PyArrow – Robin on Linux

Get the number of rows for a parquet file

We were using Pandas to get the number of rows for a parquet file:

import pandas as pd
df = pd.read_parquet("my.parquet")
print(df.shape[0])

This is easy but will cost a lot of time and memory when the parquet file is very large. For example, it may cost more than 100GB of memory to just read a 10GB parquet file.

If we only need to get the number of rows, not the whole data, Pyarrow will be a better solution:

import pyarrow.parquet as pq
table = pq.read_table("my.parquet", columns=[])
print(table.num_rows)

This method only spend a couple seconds and cost about 2GB of memory for the same parquet file.

An old bug about PyArrow

To save memory for my program using Pandas, I change types of some column from string to category as the reference.
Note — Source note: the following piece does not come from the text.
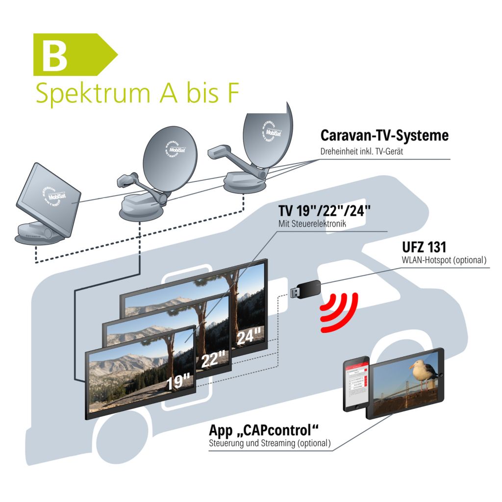 Kathrein bietet 3 unterschiedliche vollautomatische Sat-Systeme, die in Kombination mit der entsprechenden Steuerungslösung und weiterem Zubehör alle Konfigurationswünsche zufriedenstellen. Von der HDP 850 mit großer Dreheinheit mit sehr gutem Empfang, sogar in den Randbereichen, über die kompakte HDP 750, für den gänigen Einsatz in Mitteleuropa, bis zur platzsparenden Flachantenne HDP 750 arbeiten alle Systeme mit dem wegweisenden CAP-Konverter, der einen Receiver überflüssig macht und in Verbindung mit Kombination mit dem WLAN-USB-Adapter UFZ 131 (Art-Nr. 71 462) das Streamen von Fernsehübertragungen erlaubt. Noch eleganter ist die Kombi-Lösung: Die Anlagen HDP 650 und 850 GPS können mit einem alphatronics-Flachfernseher, der anstatt des CAP-Konverters die Steuerung übernimmt, betrieben werden.
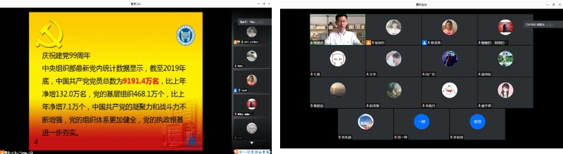 首先,杨创东同志与大家一起回顾了中国共产党诞生纪念日的由来,党支部同志们都真切感受到中国共产党的壮大。截至2019年底中国共产党党员总数为9191.4万名,借此机会还回忆了党支部的组织建设,包括支部成立大会、预备党员转正大会和党员发展大会。

df[["os_type", "cpu_type", "chip_brand"]] =
	df[["os_type", "cpu_type", "chip_brand"]].astype("category")

It could save at least half memory in my case. But when I use pyarrow to store the dataframe to parquet

df.to_parquet("my.parquet")

it reports errors:

Invalid: BinaryArray cannot contain more than 2147483646 bytes, have 2147483647

It’s a bug from old version pyarrow and had been fixed in Sep 2019. Then I tried to upgrade my pyarrow-0.12.1 to pyarrow-0.17.1 and it fixed this error.

But the story hasn’t ended up here.

For pyarrow-0.12.1, the below snippet will return a class of type <pyarrow.lib.Column>

import pyarrow.parquet as pq
table = pq.read_table(path)
table.column(0)

and this class will also contain a attribute “Column name”

But for pyarrow-0.17.1, the same code will return a class of type <pyarrow.lib.ChunkedArray> which doesn’t have a “Column name”.

This difference will make some code fail (actually, our program). Beware of this: after you upgrade pyarrow (or any other library in Python), run the test to make sure all the legacy code work properly.